Fine-tune Large Language Models with CoreWeave Cloud
Use Argo Workflows to orchestrate the fine-tuning
Introduction
This guide demonstrates how to fine-tune a Large Language Model (LLM) using a custom dataset with CoreWeave Cloud. It serves as a practical example of a starter project but is not intended to be a comprehensive production application in its current form.
Fine-tuning an LLM can be costly; however, this guide illustrates how to utilize CoreWeave's architecture with Argo Workflows to automatically scale down to zero active pods after completing the fine-tuning process. This releases the billable computation resources, making this a cost-effective system.
Features
The scenario in this guide fine-tunes the EleutherAI Pythia model on a single GPU, and can be extended with several advanced features:
- Scalable configuration: Run up to 8 GPUs on the same node, and adjust the RAM and number of CPUs.
- Model variety: This fine-tuner can automatically downloads model from Hugging Face, or use an uploaded model.
- Prompt testing: Characterize the model during fine-tuning by periodically running a prompt file against it and logging the results.
The fine-tuner uses PyTorch 2.0, CUDA 11.8, and the latest version of DeepSpeed.
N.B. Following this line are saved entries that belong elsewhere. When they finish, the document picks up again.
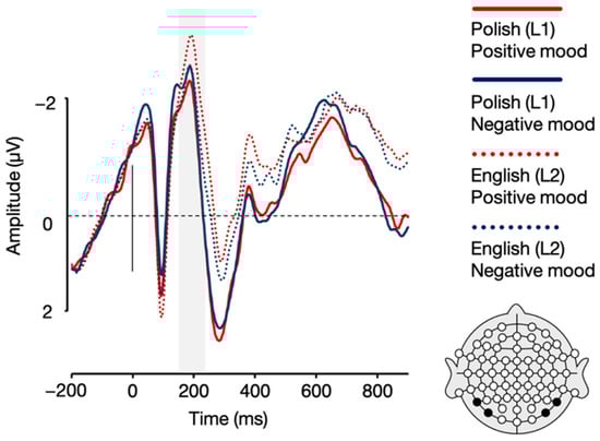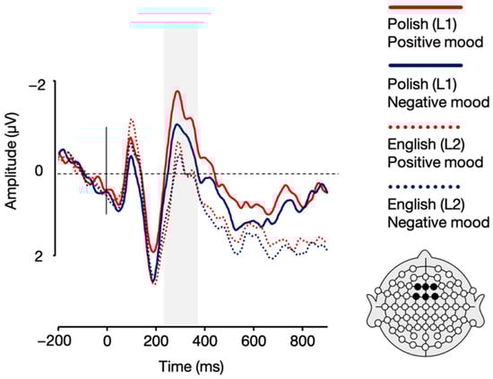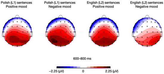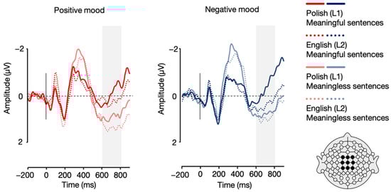 Similarly, Kissler and Bromberek-Dyzman [] asked unbalanced German–English bilinguals to watch mood-inducing film clips and categorise decontextualised words as positive, negative, or neutral in an ERP study. They observed an attenuated left-lateralised N1 response to L1 words in the positive compared to the negative mood condition but no between-mood difference for L2 words, suggesting that the effects of mood on the early stage of word processing might be limited to L1. However, they found no mood–language interaction in either the N400 or the LCP time windows, which points to a possibly short-lived effect of mood induction in L1 and L2, at least in the case of single word processing. Altogether, bilingual research has shown that emotional word processing can be differently modulated by positive and negative moods, at least at the initial stages of individual word processing. To our knowledge, there is no tangible evidence to date regarding the effect of positive and negative moods on L1 and L2 semantic processing in a sentential context.
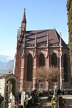 Erzherzog Johann starb im 78. Lebensjahr am 11. Mai 1859 um 9 Uhr an einer Lungenentzündung. Er wurde am 14. Mai 1859 in Graz bestattet und erst am 21. Juni 1869 in das inzwischen fertiggestellte Mausoleum bei Schloss Schenna überführt, einem Ansitz der Grafen von Meran in Schenna bei Meran (Südtirol).[11] Das Schloss hatte er 1844 gekauft und sein Sohn, Franz Graf von Meran, ließ das Mausoleum als letzte Ruhestätte erbauen.[12]
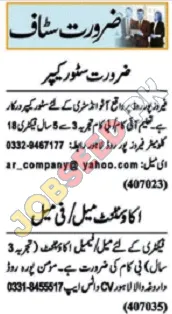 Private Factory, Lahore Punjab Pakistan invites applications from eligible candidates for the post of Store Keeper and Accountant (Male/Female) as per advertisement of 24 November, 2025, published in Nawaiwaqt Newspaper. educational qualification will be preferred.
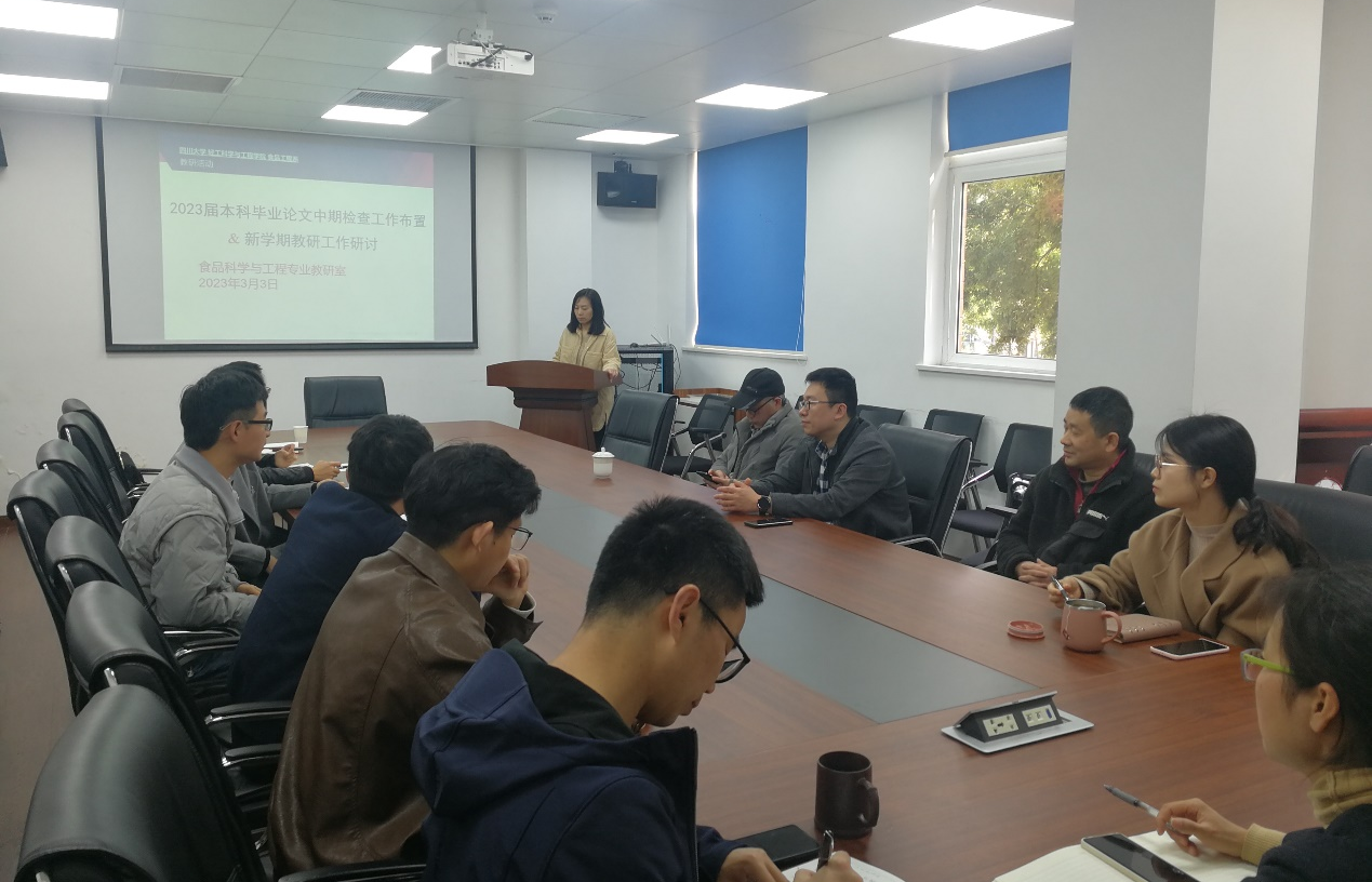 本科毕业论文(设计)管理办法(修订)》川大教〔2022〕56号文件,进行了解读,对本科毕业设计(论文)指导、撰写、评阅过程中的常见问题进行了梳理和解答,进一步明确了食品科学与工程专业2019级本科毕业设计(论文)工作推进的时间节点,并就新学期教研工作的开展进行了布置。本次活动对于新学期教学工作的有序开展具有重要意义。
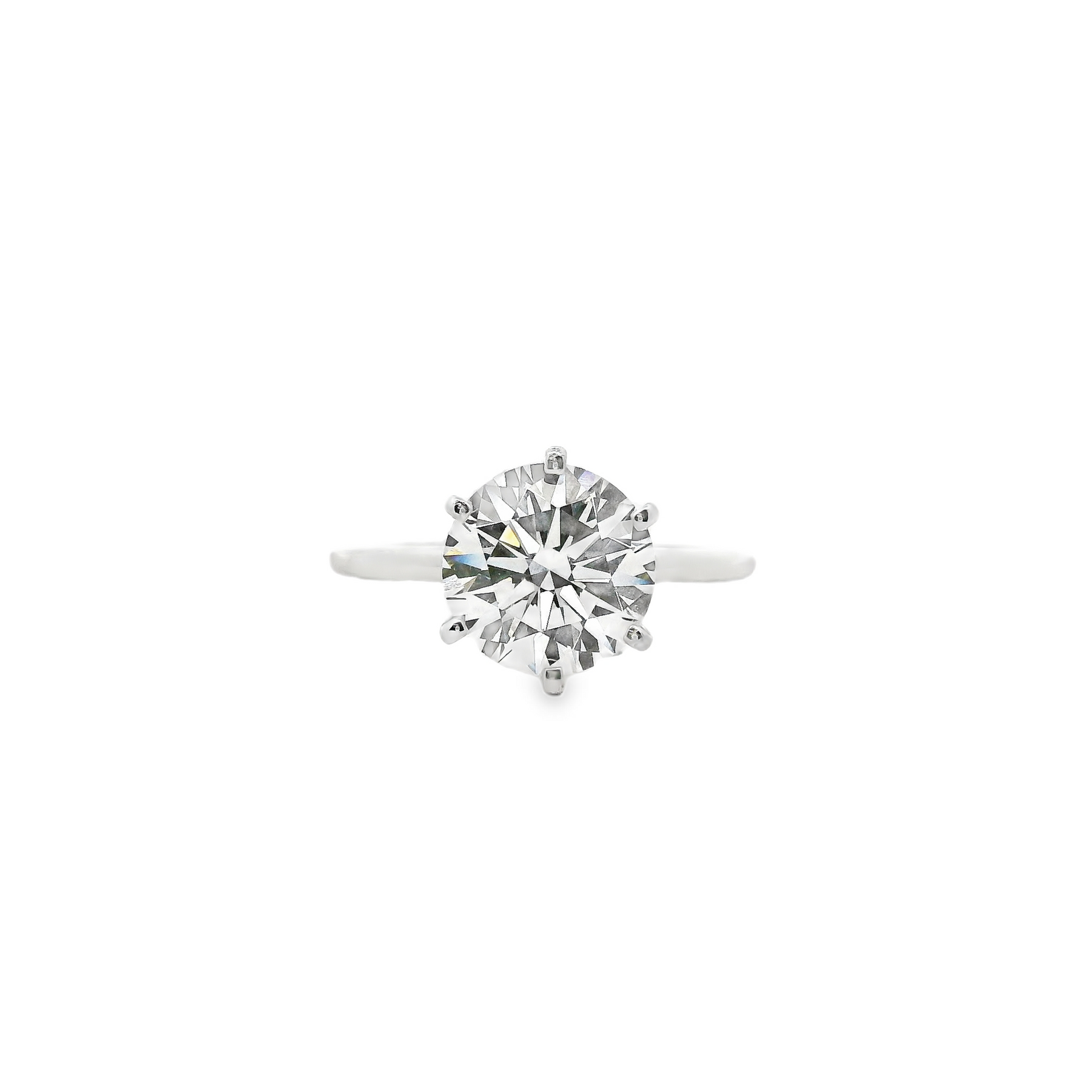 18KW Solitaire Ring - 2.50Ct Round F Vs1 Lab Grown Diamond - IGI LG418025492 - Estate - Size 5.5

It also supports CUDA 12.0-based images.
Hardware configuration
The default configuration uses 8 vCPUs, 128GB RAM, and a single NVIDIA A40 or A6000 with 48GB VRAM. This cost-effective and optimized configuration costs about $2.00 per hour with CoreWeave's resource-based pricing and is best suited for models with 155 million to 6 billion parameters.
After fine-tuning, this workflow can optionally deploy an inference endpoint configured with 4 vCPUs, 8GB RAM, and a single NVIDIA RTX A5000 with 24GB VRAM. This setup can efficiently perform inference on models with 6 billion parameters and is much more affordable than the fine-tuning configuration, at approximately $0.85 per hour.
If more performance is desired, use workflow parameters to scale up the number of GPUs, RAM, and vCPUs.
Prerequisite steps
Before proceeding with this demonstration, please complete these preliminary steps:
- Configure CoreWeave Kubernetes
- Install Argo Workflows
- Retrieve the Bearer token and log into the Argo web UI
- Install Argo CLI
Once those are complete, proceed with the steps below.
Download the source code repository
In a working folder, download and extract the demonstration code to your local workstation. The following command works in macOS, Linux, and Windows CMD, but not Windows PowerShell.
$curl -L https://github.com/coreweave/kubernetes-cloud/archive/refs/heads/master.tar.gz | tar xzf -
Alternatively, clone the kubernetes-cloud GitHub repository with your preferred method.
Then, change to the repository's finetuner-workflow
directory.
Create a PVC
The demonstration uses a shared filesystem called a PVC (Persistent Volume Claim) for storing the base model, fine-tuning data, and sharing them between multiple fine-tune runs.
Create the PVC using one of the two options below.
Option 1: Create the PVC with kubectl
To create the PVC, apply the finetune-pvc.yaml
manifest with kubectl
and confirm the PVC was created successfully.
$kubectl apply -f finetune-pvc.yaml
Result:
persistentvolumeclaim/finetune-data created
The manifest has reasonable defaults, but if it requires editing, keep the following points in mind:
- HDD storage is preferred over NVMe. It's more cost-effective and the fine-tuner does not need high I/O performance.
- The model checkpoints require between 1024 and 2048 GB of storage. If more space is needed later, it's simple to expand it in place.
- By default, the workflow expects a PVC named
finetune-data
. If this changes, remember to adjust thepvc
parameter accordingly.
Option 2: Create the PVC with CoreWeave Cloud
For an interactive experience, create the PVC in a web browser.
Navigate to Storage Volumes in CoreWeave Cloud.
Click New Volume, and enter the requested fields:
- Volume Name: finetune-data
- Region: Chicago - ORD1
- Disk Class: HDD
- Storage Type: Shared Filesystem
- Size (Gi): Choose a size between 1024 and 2048 Gi
Click Create and verify that the PVC is created successfully.
Optional: Deploy a Filebrowser app
The filebrowser
app provides an easy way to transfer data to and from the PVC created in the previous step.
It's also possible to use a Virtual Server to load files onto the PVC. This flexibility represents one of CoreWeave's key advantages.
- Navigate to CoreWeave Applications, and then click the Catalog tab.
- Locate
filebrowser
and click Deploy. - Assign it a short name, such as
finetune
, to avoid SSL CNAME issues - Select the ORD1 location.
- Hover over
finetune-data
in Available Volumes to reveal the+
icon, and click it to attach the volume. Ensure that it is mounted, as demonstrated in the example below. - Click Deploy.
Load the fine-tuning dataset
Connect to the PVC using the filebrowser application, or use a virtual server.
Create a directory on the PVC called dataset
, then load the fine-tuning files into that directory.
The data should be in individual plain text files with a .txt
extension and in the exact format desired for prompts and responses. When the workflow runs, Argo will tokenize the dataset using a fast Golang component.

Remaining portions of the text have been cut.